Может быть, у меня несколько старомодные понятия о браке. Я считаю, что мужчина должен быть сильным, надежным человеком, опорой жены и героем в ее глазах. Есть люди, которые любят, чтобы жены жалели их. Я не из таких. Я хотел делиться с Милли своими замыслами, а не унижениями. Мне стыдно было смотреть на горестные морщинки у нее на лбу и слушать неодобрительное фырканье подруг, которые при мне хвастались долларами своих друзей, а за моей спиной уговаривали Милли не встречаться со мной.

Я понял, что безработный не может быть спутником девушки. И я перестал ходить к Милли, чтобы она не краснела за меня перед знакомыми, не совала мне монеты в карман пальто, не плакала по ночам, не писала писем отцу, чтобы он устроил меня в какую-нибудь аптеку мыть бутылочки из-под лекарств.

В городе небоскребов нетрудно затеряться. Адреса бездомных бродяг не выдаются в справочных бюро. Я со своей стороны убедил себя, что мне нужно забыть о Милли, и, кажется, в самом деле забыл.

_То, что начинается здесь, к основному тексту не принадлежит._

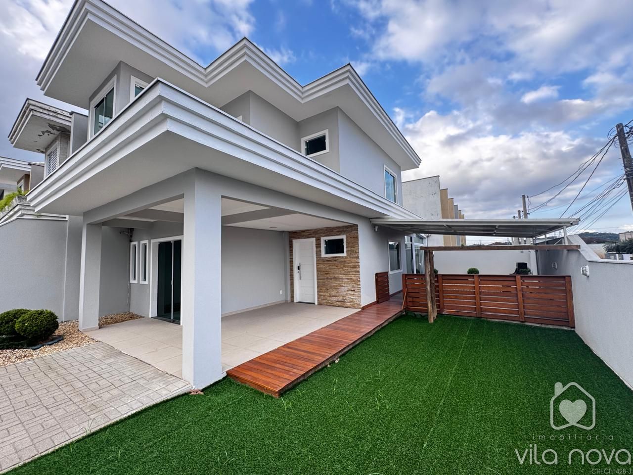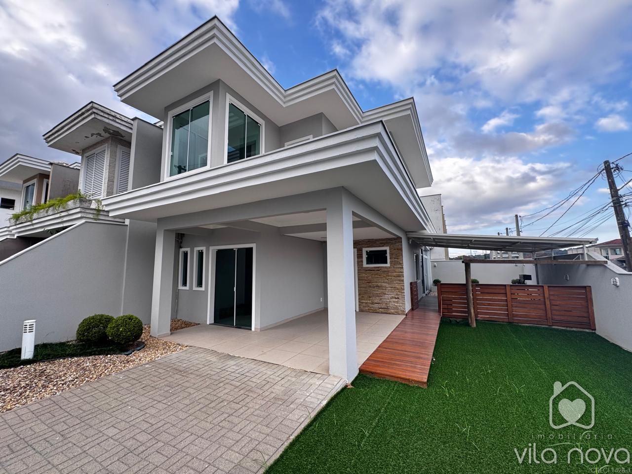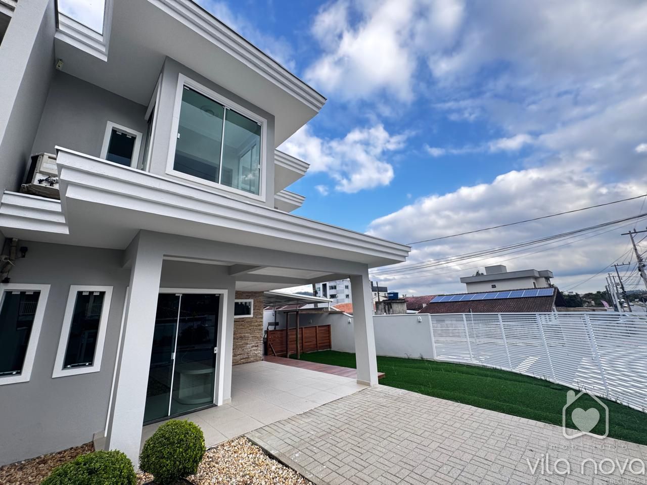 Maravilhoso Sobrado Esquina no bairro Vila Nova! Este imóvel medindo 156,88 m2 conta com 3 quartos sendo uma suíte, sala ampla, cozinha, 02 banheiros, lavabo, área de festas super aconchegante com churrasqueira, forno e fogão a lenha, área aberta com deck, terreno amplo esquina. (Móveis planejados no quarto casal, sala, cozinha e área de festas). Acabamento de alta qualidade com porcelanato, gesso rebaixado. Com localização privilegiada, esta casa oferece conforto e praticidade para você e sua família. Aproveite essa chance única de adquirir seu novo lar em uma das regiões mais desejadas da cidade. Agende uma visita e venha conhecer de perto todos os detalhes deste imóvel! Aceita Apartamento menor valor!

А о том, чтобы написать ей, я подумал уже на Пальмовых островах, когда почувствовал себя человеком в полной мере. Я подумал, что бы написать Милли… и тут же отказался. Прошло так много времени… я представил себе, как, получив письмо, Милли со смехом показывает его молодому мужу.

И все-таки письмо было отправлено — почти официальное поздравление ко дню рождения. (Просто поздравление, — говорил я себе, — это ни к чему не обязывает.) Но через два дня вы могли встретить Аллэна перед географической картой — он подсчитывал, через сколько дней может прийти ответ.

Когда почтовый пароход пришел в Сан-Франциско, я воткнул в карту красный флажок. День на разборку почты. Экспресс на восток отходит вечером. Чем ближе к городу небоскребов, тем больше усиливалось мое волнение. Отрываясь от проб и таблиц, я думал, улыбаясь про себя: «Сейчас мое письмо в Скалистых горах… сейчас оно в прериях… а сейчас поезд пересекает Миссисипи, под ним гудят пароходы, тянутся бесконечные плоты и желтое дно просвечивает сквозь воду».

Но вот письмо дошло до цели. Сколько нужно девушке времени, чтобы написать ответ? Скажем, неделю. Но, обманывая себя, я уже через день вышел навстречу почте. Ведь Милли могла ответить телеграммой.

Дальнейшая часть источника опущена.